With her debut album 13 Songs, Julie Feeney was a surprising but deserving winner of the inaugural Choice Music Prize. Her follow-up, the hauntingly beautiful pages was greeted with similar critical acclaim and cemented the singers stake as an Irish indie icon.
Ahead of the release of her third album Clocks, it seems fair to assume that Feeney might be feeling a bit of pressure, but surprisingly that doesn't seem to be the case.
“Bizzarely I was least afraid on this one. I just felt more honest on this one. The first two albums had the response that you said which has been great. Since the second album the live aspect has become a whole annal of itself” she says.
“That's where I have contact with people on a regular basis and see how they are responding.
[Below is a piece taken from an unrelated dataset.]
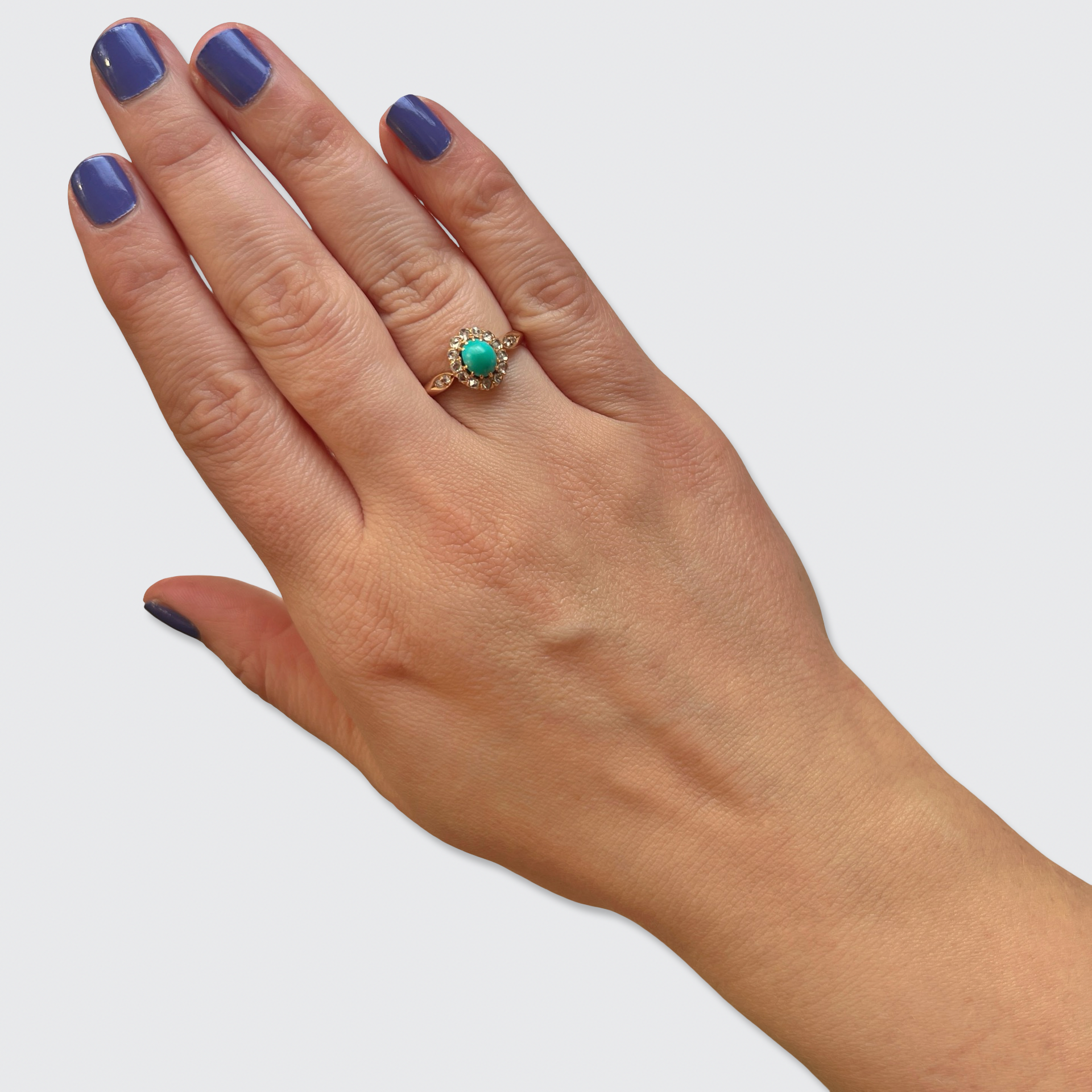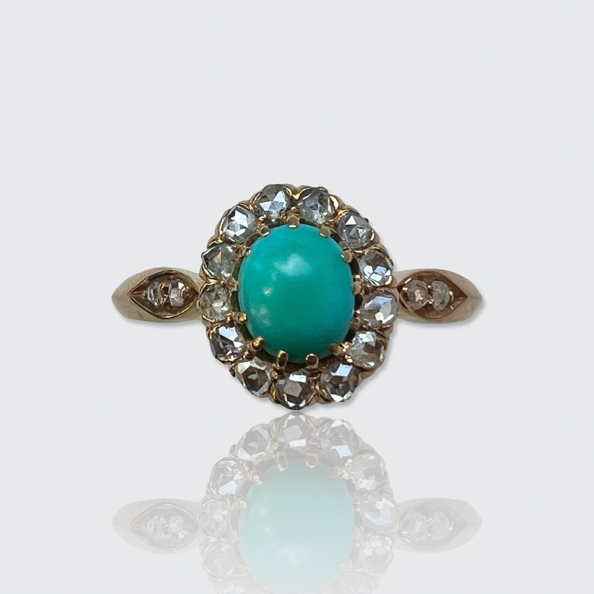 This 18k yellow gold ring is centered by an oval, cabochon-cut turquoise, which is encircled by a halo of rose-cut diamonds. The shoulders of the ring are also studded with small rose-cut diamonds.

So based on that I wasn't as much thinking about what I needed to do to get the same response for this one because I just love it, I've been enjoying it so much”.
And as she lets the response from her live shows inform her new record, Feeney has also been working on improving her live performance, taking inspiration from her myriad of other interests.
“The wonderful thing about doing music is that it's constantly changing, it's evolving all the time. For the first album I performed live fine, but I don't think I was particularly amazing. I used to do other live things like contemporary dance and alternative theatre”.
“Then I realised 'Hang on, why do you have all these things in boxes? Just go out and perform and be all the things you are all in one'. It's more about that it just changes and you've got to change with it and in that way you develop”.
For her upcoming tour in support of Clocks, Feeney has developed a hugely ambitious live project. Over ten consecutive nights she will be performing in ten different venues with ten locally based choirs.
“I love choral voices. I was a professional choral singer for five years. I worked a lot with orchestras but I hadn't as much gotten into choirs. So this was my chance and by God I've gotten into it now. We've found some really fantastic choirs and really great directors. Each of them are doing about seven or eight pieces. It's been a fantastic experience for me, you really get into the fabric of a town as well”.
Feeney says her latest album will touch on elements of her first two records, with new influences from her time spent in America. She also feels that this is her most emotionally honest and raw record to date.
“It's sort of a mixture of the two. There's a lot more naked feeling in it. I think the emotion is more bare. I've been less afraid to lay bare emotionally. Musically there's a much broader range of instruments. There's a slightly more Americana feel on some of them. That's because I was spending time in America, appreciating being from Galway. You appreciate where you're from more when you're away, especially in America where the Irish identity is such a complex thing”.